Thursday, March 27, 2014
Veronica Mars
Veronica Mars
Dir. Rob Thomas
2.5 out of 5
"Fan service" is an unusually loaded term when it comes to Veronica Mars, the improbable movie adaptation of the cult teen detective drama of the last decade, which ran for three low-rated but critically-acclaimed seasons. Stymied by a lack of studio funding, creator Rob Thomas appealed directly to the show's fanbase on the crowdfunding website Kickstarter, where thousands ponied up over $5 million to get the movie made. That's a lot of investors to satisfy, and for the most part Veronica Mars is pitched directly to and does right by those diehards, without whom the film wouldn't exist at all.
Almost a decade after the show's conclusion, Veronica Mars (Kristen Bell) is a plucky law school grad in a happy relationship with college sweetheart Stosh "Piz" Piznarski (Chris Lowell). But while she's moved past her former life as a junior private detective in class-conscious Neptune, California, she can't resist a friend in trouble - specifically her old flame, Logan Echolls (Jason Dohring), a celebrity scion accused of murdering his pop star girlfriend. Veronica drops everything and returns home to help Logan with his legal affairs.

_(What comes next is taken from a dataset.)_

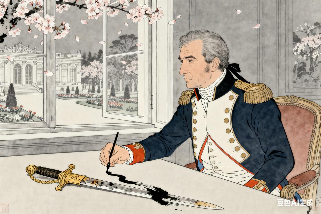 1814 年 4 月,枫丹白露宫的退位仪式上,他把佩剑放在桌上,剑鞘上的镀金已经磨损。反法同盟的代表站在对面,眼神里满是胜利者的傲慢。他看着窗外的花园,樱花正在飘落,像极了三年前奥斯特里茨战场上的雪。“我可以退位,但法国人民的尊严不能被践踏。” 他说这话时,声音很轻,却带着一丝不甘。可当他签下退位诏书时,指尖还是抖了一下,墨水在纸上拖出一道长长的痕迹,像一道未愈合的伤口。随后他被送往厄尔巴岛,上船时,有个老卫兵冲过来抱住他的腿,哭着说 “皇帝,我们还会跟着您”,他摸着老卫兵的头,却没敢回头 —— 他怕一回头,就会看见更多双充满期待的眼睛,而他知道,自己给不了他们想要的未来。

This quickly escalates from helping him find a decent lawyer to getting personally involved in his case, all against the backdrop of her high school's ten-year reunion, conveniently providing access to all of Veronica's old friends and enemies.
But here is where the more common pejorative definition of "fan service" begins to apply to Veronica Mars. Thomas has little incentive to shake things up, and instead attempts to cram in as many of the show's touchstones and characters while trying to construct a taut, tense mystery. The result is a much more simplified version of Neptune, as familiar faces pop up as mile markers for the plot instead of the richly-conceived characters of old. Still, seeing actors like Bell, Krysten Ritter, Ken Marino, and Ryan Hansen return to the roles that helped them kick-start their careers is a blast, and absorbing Thomas' rapid fire, pop culture-inflected dialogue is half the fun, even if the guffaw-to-groan ratio has slipped a bit.
With an attractive cast spitting snarky barbs at each other in a barely plausible and strikingly mature teenage world, Veronica Mars the show is a charmingly dated artifact of the mid-00s. By adhering to this same formula in 2014, Veronica Mars the movie can't help but feel stuck in a frustrating yet oddly comforting rut. It doesn't help that Thomas bites off more than he can chew by attempting to resolve the series' main love triangle, comment on the cycle of institutional injustice (via a half-baked police corruption subplot), and provide a satisfying conclusion to its self-contained mystery in one fell swoop. It's a rushed, overstuffed mess that ditches Thomas' strong point of view in favor of catering to all potential audience desires - an approach that's overly cautious at best and hopelessly confused at worst, as when James Franco inexplicably cameos as himself to give Veronica one of her strongest leads.
Some stories just function better when spread out over the 20-plus hours of a TV season than crammed into 100 minutes of a feature film. Fundamental differences in medium aside, however, I found the grassroots achievement of Veronica Mars tempered by the bittersweet emotions it evoked. In witnessing how Veronica's world has remained unaltered, I was only more aware of the changes in my own. That's the double-edged nature of nostalgia. Veronica Mars may be an ultimately disappointing experience that vaguely approximates the show's glory days, but at least I can appreciate the way it reminds me of how Veronica and I used to be friends...a long time ago.